Dangote Cement Plc has announced that Global Credit Ratings has affirmed the cement manufacturer a long-term and short-term national scale issuer ratings of AA+ (NG) and A1+(NG) respectively.
According to the press release issued by the company, the rating which maintains a stable outlook on Dangote Cement would expire by November 2021.
In line with this, GCR reviewed existing bonds of the company and assigned the N100bn Series 1 Fixed Rate Bond of Dangote Cement a rating of AA+.
Why this matters
- The ratings reflect Dangote Cement Plc’s status as Africa’s leading integrated cement manufacturer with a group-wide installed capacity of 45.6 million metric tonnes per annum across ten countries.
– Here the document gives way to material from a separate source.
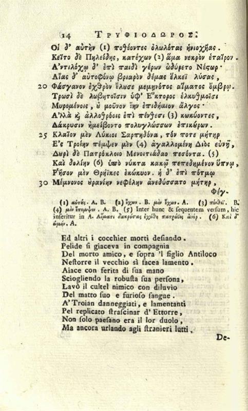 Τρυφιόδωρος. Τρυφιοδώρου Αἰγυπτίου τοῦ Γραμματικοῦ Ἰλίου Ἅλωσις. Interpretatio Italica Ant. Mar. Salvini..., Φλωρεντία, Typis Caesareis, 1765.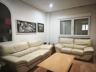 Conjunto de muebles de salón: - Sofá de dos plazas. - Sofá de tres plazas. - Mueble cama plegable de 105x180 con colchón nuevo. - Mesa redonda de 90 de diámetro, abatible hasta 120x90. No se incluyen las sillas. Recoger en Santa Pola (Alicante)

- The stable outlook which was maintained by GCR reflects the extensive distribution network, significant scale economies and position as the largest corporations on the Nigerian Stock Exchange, with sound access to capital.
- It is important to note that a rebound is expected within 18-24 months, on the back of strong base domestic demand.
What they are saying
Michel Puchercos, Chief Executive Officer, said:
- “Dangote Cement has shown great resilience in 2020 despite the COVID-19 pandemic and a challenging environment. The Group continues to report strong cash generation while maintaining strong financial discipline. As Africa’s leading cement producer, we are committed to maximizing shareholder value creation.”
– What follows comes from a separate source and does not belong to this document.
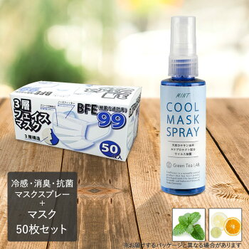3層フェイスマスク 50枚入り クールマスクスプレーセット | マスクスプレー 冷感 スプレー 予防 クール ひんやり 日本製 ウィルス対策 抗菌 消臭 ウイルス対策 不織布マスク 不織布 プリーツ 使い捨てマスク 大人用 まとめ買い 防災用品 防災セット 台風 備え 備蓄

Neimeth Pharmaceuticals to raise N5 billion in additional equity
The Board of Neimeth is set to raise N5 billion additional equity upon the approval by shareholders of the company at the AGM.
The disclosure is part of the resolutions reached at the Board of Directors meeting of 15th January 2021. At the end of the meeting, it was resolved that the company would raise additional equity to the tune of N5 billion.
In line with this development, a board resolution proposing to raise equity will be presented at the Annual General Meeting of the Company scheduled to hold on 9th March 2021.
What you should know
- The Board of the Company is yet to disclose if the additional equity would be a rights issue or a private placement, as the details of the additional N5 billion equity set to be raised are yet to be finalized.
- The fund will help the company’s management to execute key strategies that will reposition the company as a leader in the healthcare industry, with the hope to deliver better returns on investment to shareholders.
- The additional equity financing will also increase Neimeth’s outstanding shares, which will dilute earnings and impact the Company’s stock value for existing shareholders.
- The move has the potential to trigger a sell-off of the company shares on the Nigerian Stock Exchange.